BTW, I like the way you've put this query together in general, except I'd leave out the brackets, assuming you have rationally named tables and columns; and you might even gain some performance (but at least elegance) by listing columns for tr1 and tr2, rather than "tr1.*" and "tr2.*".
Thanks for all of the feedback and ideas...
In the simplest of terms, I have a person table that stores contact information like name, email, etc. I have another table that stores transactions. Each transaction is really an insurance policy that would contain information on the provider, product type, product name, etc.
I want to avoid giving the user duplicate person records since this causes them to look for the duplicates prior to running mail merges, etc. I'm getting duplicates when there is more than 1 transaction that has not been terminated, and when there is more than 1 transaction that has been terminated.
Someone else suggested that I consider a cursor to grab my distinct contact records and then perform the sub selects to get the current and previous insurance information. I don't know if I want to head down that path though.
It's difficult to understand your question so first I'll throw this out there: does changing your SELECT to SELECT DISTINCT do what you want?
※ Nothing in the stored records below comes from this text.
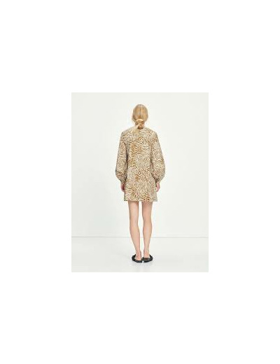 Tässä mekossa on tyylikäs seeprakuvio ja rento istuvuus. Siinä on pyöreä pääntie ja pitkät hihat. Mekko sopii täydellisesti rentoihin tilaisuuksiin.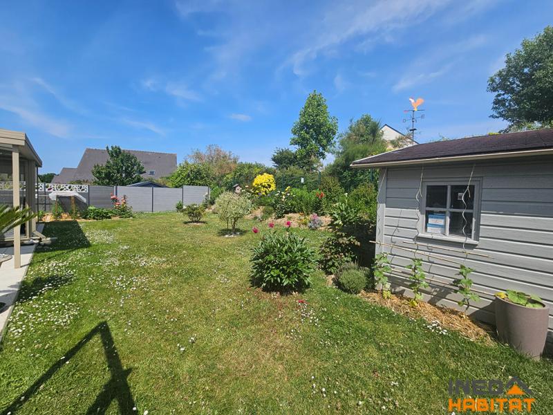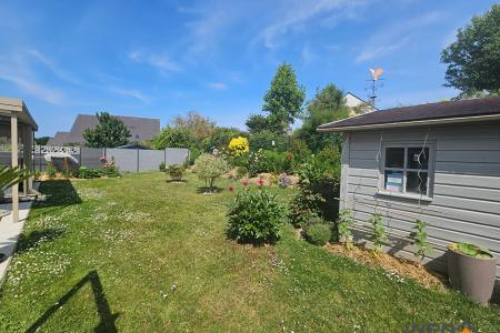 La maison est implantée sur un terrain clos et paysager de 633 m², sans vis-à-vis, avec terrasse, abri de jardin, carport, et garage attenant.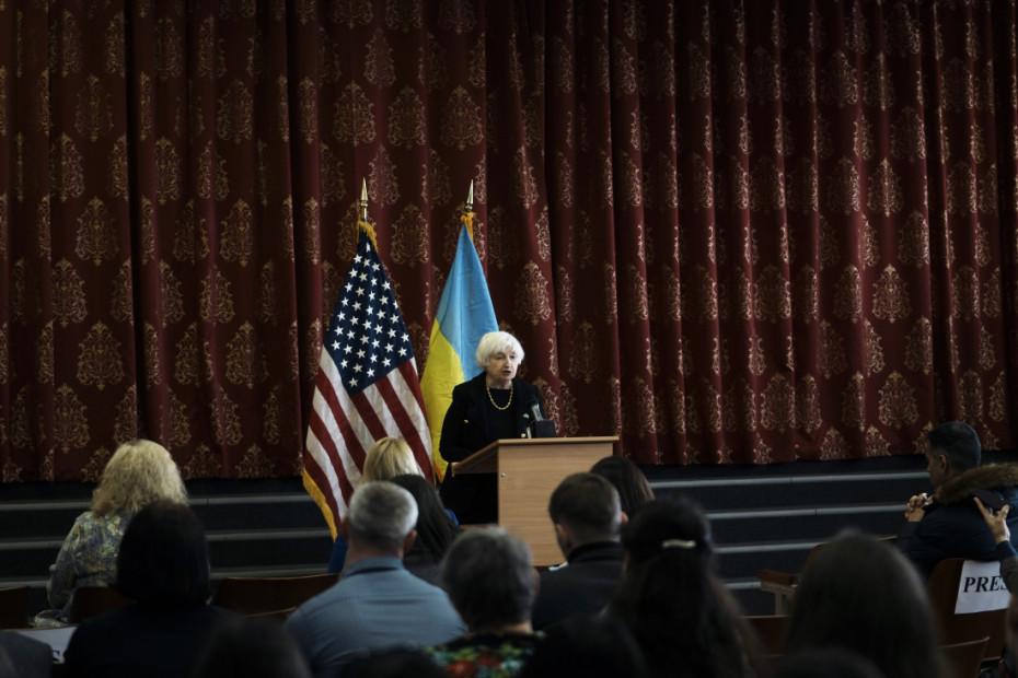 Američka ministarka finansija Dženet Jelen u iznenadnoj poseti Kijevu potvrdila je danas podršku SAD Ukrajini u borbi protiv ruske invazije i najavila još veću ekonomsku pomoć Vašingtona. Jelen se sastala sa predsednikom Ukrajine Volodimirom Zelenskim i najvišim zvaničnicima te zemlje nekoliko dana nakon godišnjice rata i ponovila uveravanja predsednika Džozefa Bajdena, koji je pre nedelju dana posetio Kijev, da će “Amerika biti uz Ukrajinu dokle god bude potrebno”, preneo je Rojters. Ukrajinski premijer Denis Šmihal izjavio je da je sa američkom ministarkom razgovarao o daljim sankcijama Rusiji koje imaju za cilj slabljenje njene vojske i ekonomije, kao i o „konfiskaciji zamrznute ruske imovine i njeno preusmeravanje u oporavak Ukrajine".
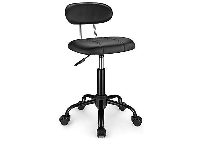 El taburete cuadrado de FNZIR con respaldo, en elegante negro, presenta altura regulable y función giratoria de 360°, lo que facilita adaptarse a distintas superficies y necesidades. El asiento acolchado en piel sintética proporciona una sensación agradable y moderna, mientras que las ruedas permiten moverlo cómodamente sin esfuerzo.

Otherwise, let me get this straight, you're trying to get your customers' current insurance and previous insurance, but they may actually have many insurances before that, recorded in the [transactions] table? I looked at your SQL for quite a few minutes but can't figure out what it all means, so could you please reduce it down to only the parts that are necessary? Then I'll think about it some more. It sounds to me like you need a GROUP BY somehow, but I can't work it out exactly yet.
Couldn't take the time to dig through all your SQL (what a beast!), here's an idea that might make things easier to handle:
select
p.person_id, p.name <and other person columns>,
(select <current policy columns>
from pol <and other tables for policy>
where pol.<columns for join> = p.person_id
and <restrictions for current policy>),
(select <previous policy columns>
from pol <and other tables for policy>
where pol.<columns for join> = p.person_id
and <restrictions for previouspolicy>),
<other columns>
from person p <and "directly related" tables>
This makes the statement easier to read by separating the different parts into their own subselects, and it also makes it easier to add a "Top 1" in without affecting the rest of the statement. Hope that helps.